Abstract

Definitions related to automatic differentiation.

Futhark supports a fairly complete facility for computing derivatives of functions through automatic differentiation (AD). The following does not constitute a full introduction to AD, which is a substantial topic by itself, but rather introduces enough concepts to describe Futhark's functional AD interface. AD is a program transformation that is implemented in the compiler itself, but the user interface is a handful of fairly simple functions.

AD is useful when optimising cost functions, and for any other purpose where you might need derivatives, such as for example computing surface normals for signed distance functions.

Synopsis

val jvp2 'a 'b : (f: a -> b) -> (x: a) -> (x': a) -> (b, b)
val vjp2 'a 'b : (f: a -> b) -> (x: a) -> (y': b) -> (b, a)
val jvp 'a 'b : (f: a -> b) -> (x: a) -> (x': a) -> b
val vjp 'a 'b : (f: a -> b) -> (x: a) -> (y': b) -> a

Description

val jvp2 'a 'b: (f: a -> b) -> (x: a) -> (x': a) -> (b, b)

Jacobian-Vector Product ("forward mode"), producing also the primal result as the first element of the result tuple.

val vjp2 'a 'b: (f: a -> b) -> (x: a) -> (y': b) -> (b, a)

Vector-Jacobian Product ("reverse mode"), producing also the primal result as the first element of the result tuple.

val jvp 'a 'b: (f: a -> b) -> (x: a) -> (x': a) -> b

Jacobian-Vector Product ("forward mode").

val vjp 'a 'b: (f: a -> b) -> (x: a) -> (y': b) -> a

Vector-Jacobian Product ("reverse mode").

Jacobians

For a differentiable function f whose input comprise n scalars and whose output comprises m scalars, the Jacobian for a given input point is an m by n matrix of scalars that each represent a partial derivatives. Intuitively, position (i,j) of the Jacobian describes how sensitive output i is to input j. The notion of Jacobian generalises to functions that accept or produce compound structures such as arrays, records, sums, and so on, simply by "flattening out" the values and considering only their constituent scalars.

Computing the full Jacobian is usually costly and sometimes not necessary, and it is not part of the AD facility provided by Futhark. Instead it is possible to parts of the Jacobian.

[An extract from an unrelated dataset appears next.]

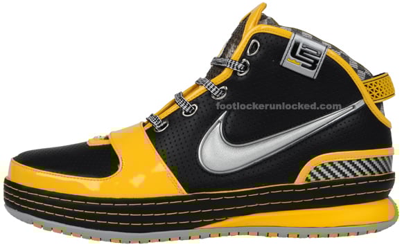 Lebron James and the Cleveland Cavaliers will take on the New York Knicks tomorrow, January 4, 2009. For that game, Lebron is breaking out a new colorway of his signature sneaker, the Nike Zoom Lebron VI. We previewed this “Taxi Cab” colorway of the ZLVI a while ago and we now have detailed pictures and information to share. This colorway is inspired by the averageย taxi cabs in New York which residents see on a daily basis. Featuring a black perforated leather upper withย yellowย patent leatherย accents and a metallic swoosh, this pair nicely imitates the typical taxi cab’s color scheme.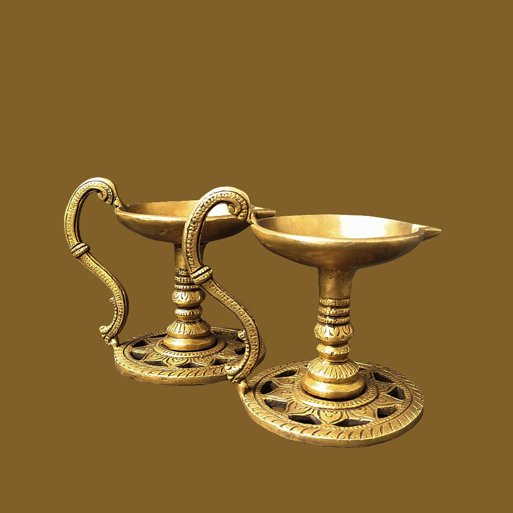 Pair of exquisite tear drop shaped brass oil lamps | Diyas with filigree work handles standing on ornate pillars with a round base, just perfect for your home - To light daily in your puja room, during the festive season or just about anytime.

We can take the product of an an m by n Jacobian with an n-element tangent vector to produce an m-element vector (Jacobian-vector product). Such a product can be computed in a single (augmented) execution of the function f, and by choosing the tangent vector appropriately we can use this to compute the full Jacobian. This is provided by the function jvp.

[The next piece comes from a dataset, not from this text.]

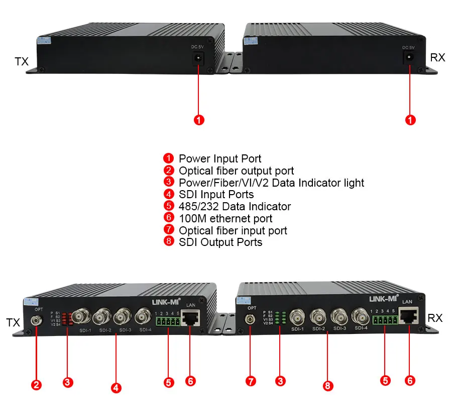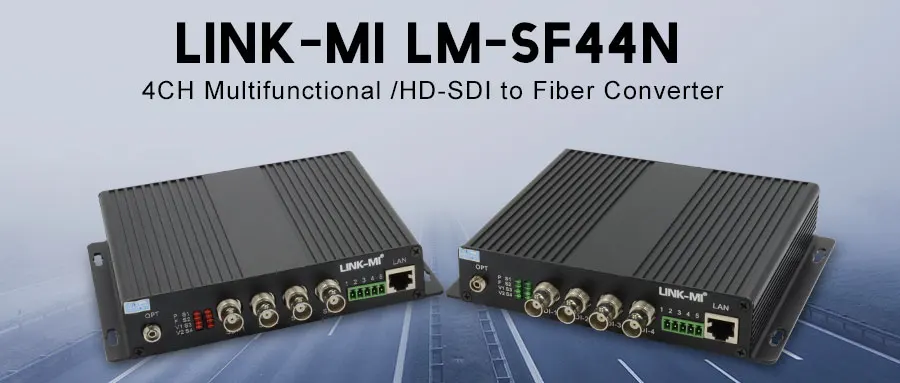 LINK-MI LM-SF44N The multifunctional 4CH HD-SDI To Fiber converter also named as 4CH SDI fiber multiplexer or 4 port sdi fiber optic extender, which consists of 1 piece of SDI fiber transmitter and 1 piece of SDI receiver .It transmits 4CH Unidirectional 3G/HDSDI signals (also compatible ASI,and each SDI signal includes 1 embedded audio signal)and 1ch bidirectional analog audio,1ch 10/100M ethernet,1ch bidirectional RS485/ RS232 to a long distance over one fiber. It's a popular product widely used in TV live broadcast, high-definition video conferencing, video surveillance and other fields.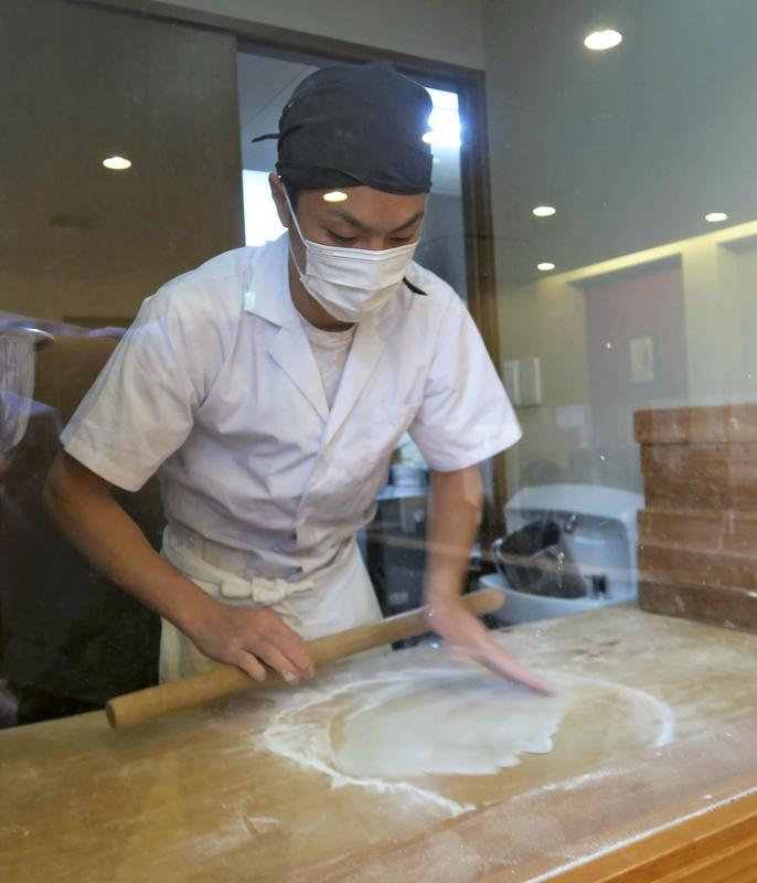 An employee of H.I.S. is seen making soba noodles at a restaurant in Kawagoe, Saitama Prefecture, on Oct. 28.

We can also take the product of an m-element vector cotangent vector with the m by n Jacobian to produce an n-element vector (Vector-Jacobian product). This too can be computed in a single execution of f, with vjp.

We can use the jvp function to produce a column of the full Jacobian, and vjp to produce a row. Which is superior for a given situation depends on whether the function has more inputs or outputs.

You can freely nest vjp and jvp to compute higher-order derivatives.

Efficiency

Both jvp and vjp work by transforming the program to carry along extra information associated with each scalar value.

In the case of vjp, this extra information takes the form of an additional scalar representing the tangent, which is then propagated in each scalar computation using essentially the chain rule. Therefore, jvp has a memory overhead of approximately 2x, and a computational overhead of slightly more, but usually less than 4x.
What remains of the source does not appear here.